I’ve known the origin story of this for a long time. I’m the youngest in my family, and my older sister had a lot of issues growing up. By the time I came along and my own issues started manifesting – the usual checklist of depression, an eating disorder, a teen sexual assault – my (really wonderful) parents were just tired. My value was being the daughter who didn’t cry and could handle shit herself. So I did – which of course meant not really handling it, but swallowing it and pretending I was fine. Enter an older guy and my first abusive relationship was born, which led to the second, which led to me having no idea how to sit with people who are nice to me, how to differentiate between feeling safe and feeling utterly bored and disconnected. I’m 32, and when I think about how many dates and flings I had with truly lovely men in my 20s, men I ignored and patronized and didn’t call back all because they treated me with kindness and respect, I am genuinely terrified at all the chances I wasted, and mortified by the terrible people I dedicated years – years! – to.
I’ve known this for a while, intellectually at least, and have been focusing on recovering from the last abusive relationship and learning how to appreciate good men who treat me well.
But in the past month, I’ve had a blinding flash on the road to Damascus moment: My pattern of ignoring decent people and investing in people who do not care about me? It’s not just my romantic relationships. It’s literally everything in my life. I’ve moved around a bit and always thought I was just bad at keeping in touch, but the truth is that I’ve been a terrible, temporary friend. I kept chasing after social groups that weren’t invested in me, ignoring good friends who were there for me. I was stand-offish with people who tried to get close to me, and I spent all my time talking about how I wanted to be somewhere else, somewhere “better.” That’s how I felt, but I never once realized what a nightmare I must have been, complaining to the only people who repeatedly turned up for me, saying I hadn’t found my people, that I needed to go find them, that I deserved more than this. More than them.
And every time something terrible happened — the assaults, the abusive relationships, my breakdowns after them — I always chose to confide in people who’d never indicated that they were willing or able to be there for me in the ways I needed. And when they blamed me or ghosted me, I felt furious and betrayed. I’ve spent so long feeling furious and betrayed, spent so long thinking I was a victim of all these people, that it was important and even empowering to declare that I was a victim, to acknowledge how people were terrible and kept failing me.

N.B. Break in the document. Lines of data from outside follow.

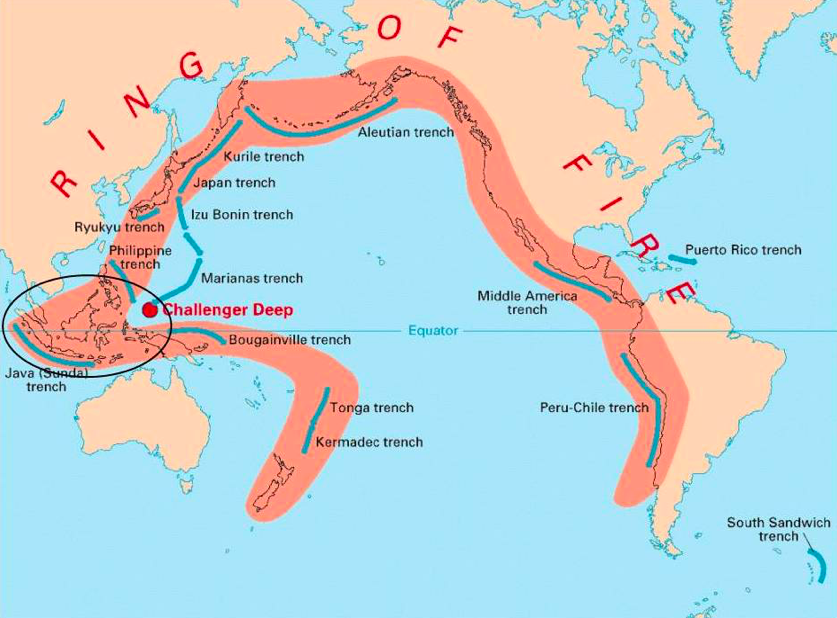 Namun demikian, negeri ini juga merupakan salah satu negara yang paling rawan gempa, karena berada pada pertemuan lempeng bumi hampir di sekelilingnya disertai dengan jalur aktif gunung berapi [2]. Kombinasi lempeng bumi yang selalu bergerak dan gunung merapi yang aktif suatu waktu dapat memicu gempa, baik gempa skala kecil sampai sangat besar (megatrust). Gempa besar adakalanya memicu tsunami. Sehingga Indonesia merupakan bagian dari Pacific Ring of Fire (Cincin Api Pasifik) [3] (Gambar 1), yang merupakan daerah gempa teraktif di dunia.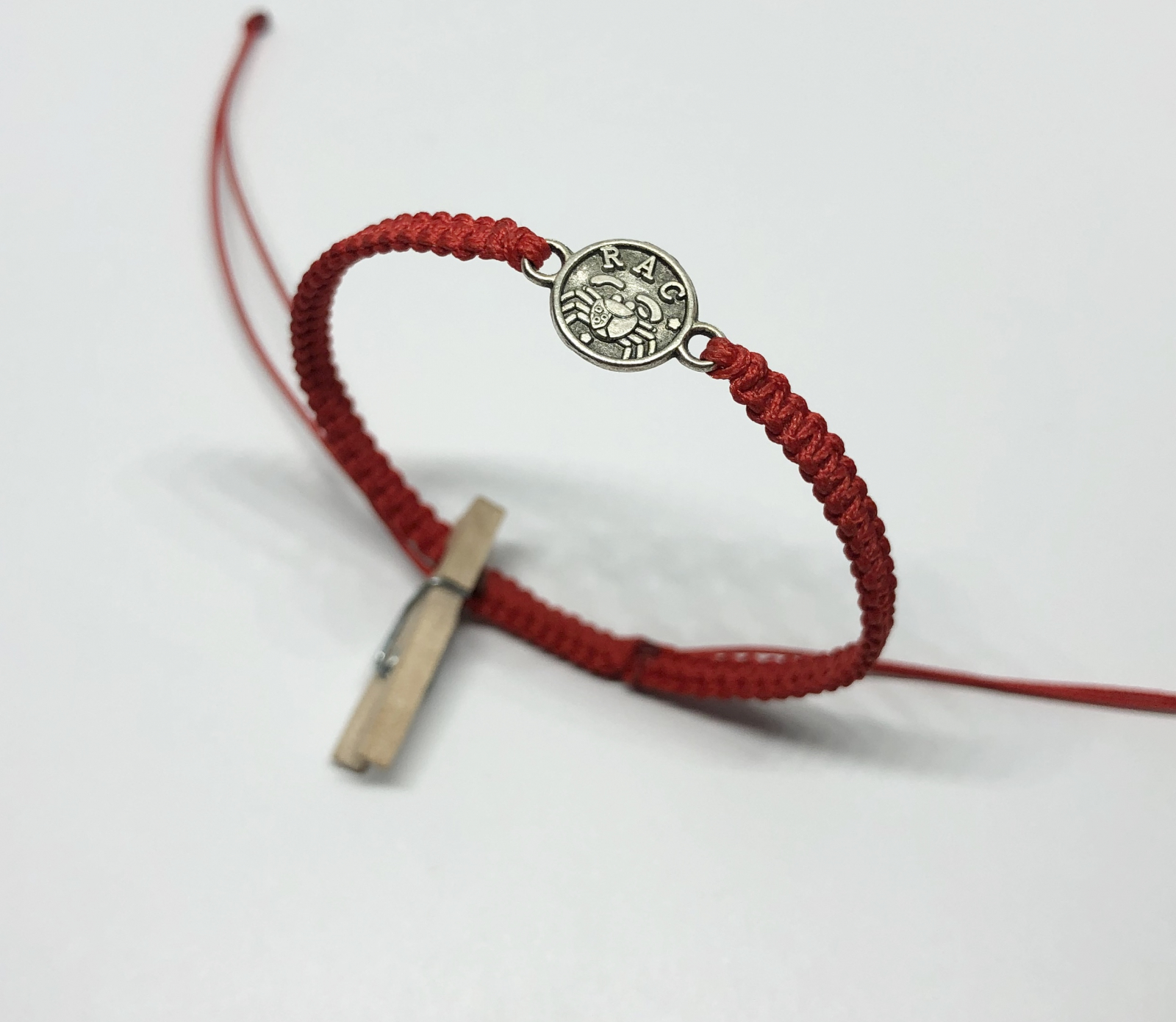 Confecționată cu fir roșu si negru împletit și medalion metalic cu simbolul Racului.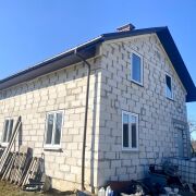 - Дом сложен из газосиликатного блока, кровля – качественная металлочерепица. Окна ПВХ. Канализация местная, объемная, с переливом. В доме разведена вся электрика, сантехника и система отопления. Для отопления дома установлен новый котел на твердом топливе, есть возможность ввода газа в дом (проходит в непосредственной близости от участка). Для нагрева воды – электрический бойлер. Удобный проект дома. Два входа.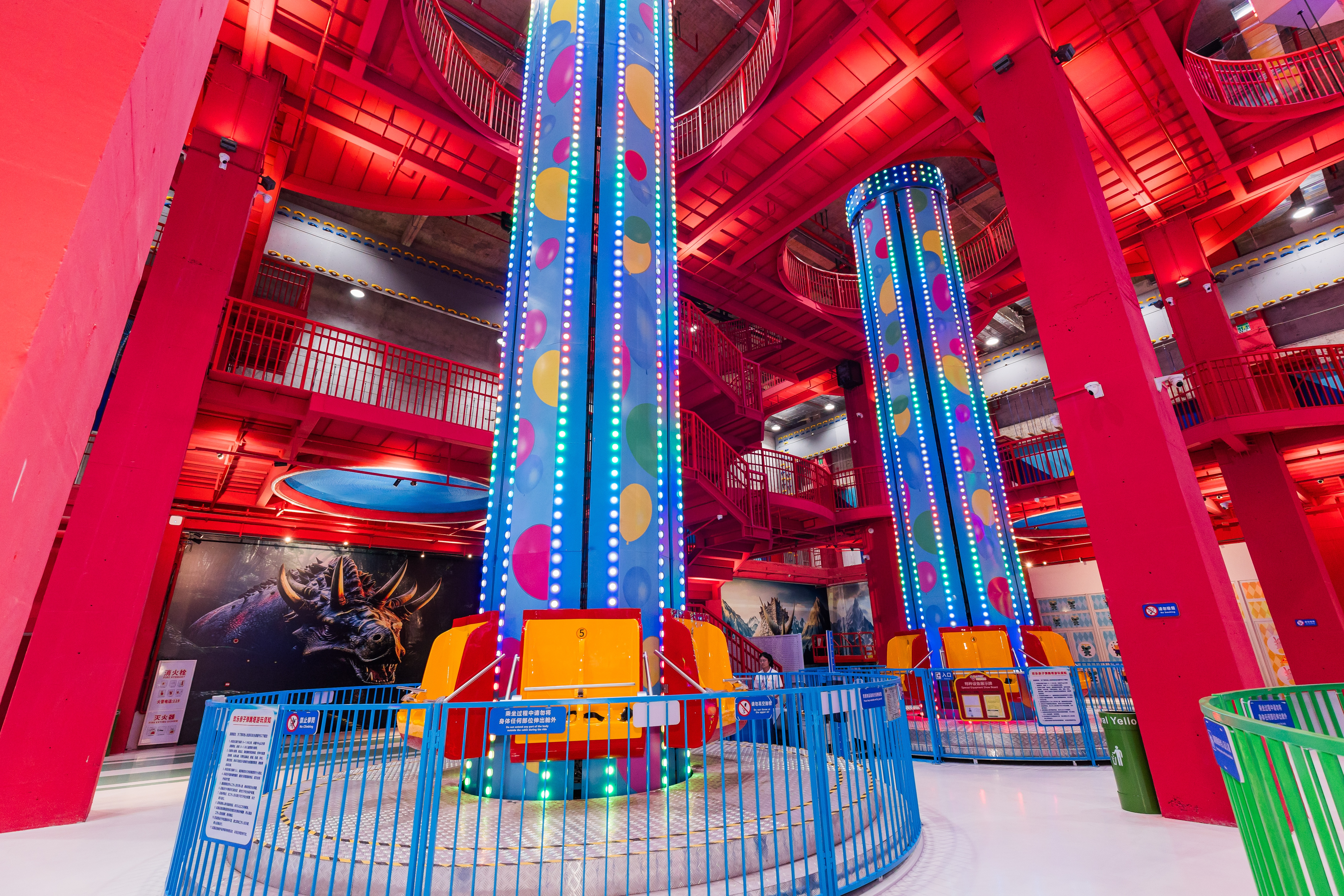 一樓: 一進大門LED瀑布大屏迎面而來,大堂設計以蘋果綠撞色拱頂,配斑馬紋地面相當搶鏡。 東區3000平方兒童樂園亮點無數,親子溜娃不二之選。 西區紅色森林主題,高空冒險挑戰樂園是年輕人挑戰小心臟的愛玩榜,配有輕餐休憩區

But I was failing me. I was picking the wrong people, so they could fail me, so I could feel betrayed.
And I’ve done it professionally, too. I write and teach and want to do more of both. But I’ve realized that I’ve given away far too much of myself and my traumas in my published writing, tweeting my vulnerabilities and fears to thousands of strangers who silently follow me but are never going to turn up at my house and make me tea. I think I’ve genuinely been waiting for the day when a huge crowd of people turns up at my door, declaring, “We see all you’ve done, all you’ve survived! Let us embrace you and avenge you!” Of course they never did, never will. And I’ve spent the past ten years feeling both furious about it, and utterly convinced that if I just write another trauma-revealing article or another oversharing tweet, the world will finally come save me.
I’ve done it all wrong, Polly. I’ve done everything for the wrong people, the wrong reasons. And realizing that is terrifying and sad, knowing all the good friendships and relationships I could have had, and the healthy relationship with work and writing I could have had. And yes, it’s slightly exciting too, realizing that I get to do it differently now, maybe. But how do you start doing that? I’m 32, single, with very few close friends and a very dysfunctional relationship with my writing audience, in the midst of a global pandemic. I have a vague plan to move to a new country again once the world opens up, and now don’t know if this is running away again, or getting a fresh start, and if it’s the latter, how to not fuck it up again.
When you’ve spent a lifetime batting away the good, how do you start sitting with it, or even daring to seek it out?
Learning to Save Myself
Dear LTSM,
This is a party, not a funeral. You just discovered the most important piece of your puzzle. Sure, it’s easy to recognize that you’re chasing unavailable or abusive men. But it takes most people a literal lifetime (which is longer than 32 years, btw), to realize that they’re pushing away their friends and family, and seeking puzzles and gauntlets and funhouses and agility courses instead of sitting still and feeling the love that’s all around them.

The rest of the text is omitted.